The sky’s the limit for new manager Steve Bruce
Jun 4 2009 by Luke Edwards, The Journal
Steve Bruce is from the wrong side of the North East’s tribal divide, but his appointment as Sunderland manager still felt like a homecoming. Chief Sports Writer Luke Edwards reports
IT has taken Steve Bruce 31 years and 1,222 games as a player and a manager to come home, and nobody is going to ruin his excitement by moaning about where that home once lay.
As a self-confessed Magpie, Bruce used to surreptitiously crawl under the turnstile at St James’s Park to watch his team play, but on this occasion he knew it would be futile to hide from anything.

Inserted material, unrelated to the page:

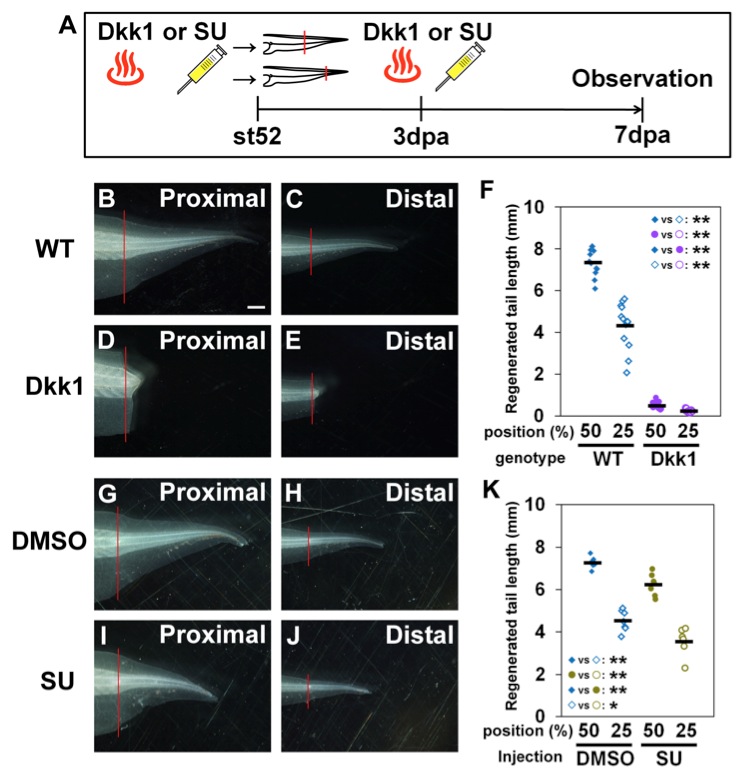 A. Experimental schedule. To inhibit Wnt/β-catenin signaling, st52 Dkk1 tadpoles were heat-shocked 3 hours before tail amputation. The tadpoles were heat-shocked again at 3 dpa. After heat shock, the induction of Dkk1 was confirmed by GFP fluorescence (data not shown; Dkk1 was tagged with GFP. See Materials and Methods.). To inhibit Fgf signaling, 5 μl of 100 μM SU5402 or control DMSO was injected into tadpoles 3 hours before tail amputation. The same injection was repeated at 3 dpa. B, C. WT regenerated tail at 7 days after amputation at the proximal (B) and distal (C) levels (50% and 25% of the distance from the tail tip to the cloaca, respectively). The growth rate in the tail amputated at the proximal level was faster than that in the tail amputated at the distal level during the same period. D, E. Dkk1 Tg regenerated tails 7 days after amputation at the proximal (D) and distal (E) levels. F. Scatter graph of the regenerated tail lengths. Tail regeneration in Dkk1 tadpoles was almost completely blocked at both the proximal and distal amputation levels, as represented by the flat slope of Dkk1 close to â0â. This graph is distinct from the same analysis in dnYap or dnTead4 tadpoles (Fig. 5H), in which the slope was steeper, especially in the dnTead4 tadpoles, and the regenerated tail was longer than 1 mm, suggesting that regeneration itself was not inhibited. Error bar indicates s.e.m. (WT: 7.35 ± 0.19 mm for proximal amputation and 4.33 ± 0.30 mm for distal, Dkk1: 0.50 ± 0.04 mm for proximal and 0.25 ± 0.02 mm for distal, n=12 and 13 for WT proximal and distal, n=14 and 12 for Dkk1 proximal and distal, respectively). G, H. Regenerated tails of DMSO-treated tadpoles 7 days after amputation at the proximal (G) and distal (H) levels. Growth rate in the tail amputated at the proximal level was faster than that in the tail amputated at the distal level during the same period. I, J. Regenerated tails of SU5402 (SU)-treated tadpoles 7 days after amputation at the proximal (I) and distal (J) levels. K. Measured length of the regenerated tail (average length). Under the condition of Fgf inhibition, tail regeneration was reduced, but position-dependent differential growth represented by the slope of SU5402 was similar to that of the control line DMSO. Error bar indicates s.e.m. (DMSO control: 7.27 ± 0.10 mm for proximal amputation and 4.54 ± 0.19 mm for distal, SU5402: 6.22 ± 0.19 mm for proximal and 3.55 ± 0.28 mm for distal, n=7 and 7 for DMSO control proximal and distal, n=7 and 6 for SU5402 proximal and distal, respectively). Red line indicates the amputation plane. Scale bar (B-E, G-J) = 1 mm. Single and double asterisks indicate statistically significant differences at p<0.05 and p<0.01 (Welchâs t-test), respectively. Horizontal bars in the graph indicate average length of regenerated tails.

He is a Geordie from Corbridge who grew up supporting Newcastle United with the same intensity and dedication as any football-mad teenager born and bred on the banks of the Tyne.
Yet, that was then and this is now.
Three decades later, after a successful playing career which took him from Gillingham to Norwich and from Manchester United to Birmingham City, Bruce has returned to his roots as the manager of their bitter rivals in red and white stripes.
It is, even after so many years away, a move which could inflame tribal tension. It is a move which will inevitably be seen as controversial by those blinded by parochial concern. It is a move, though, which Bruce could never allow himself to turn down.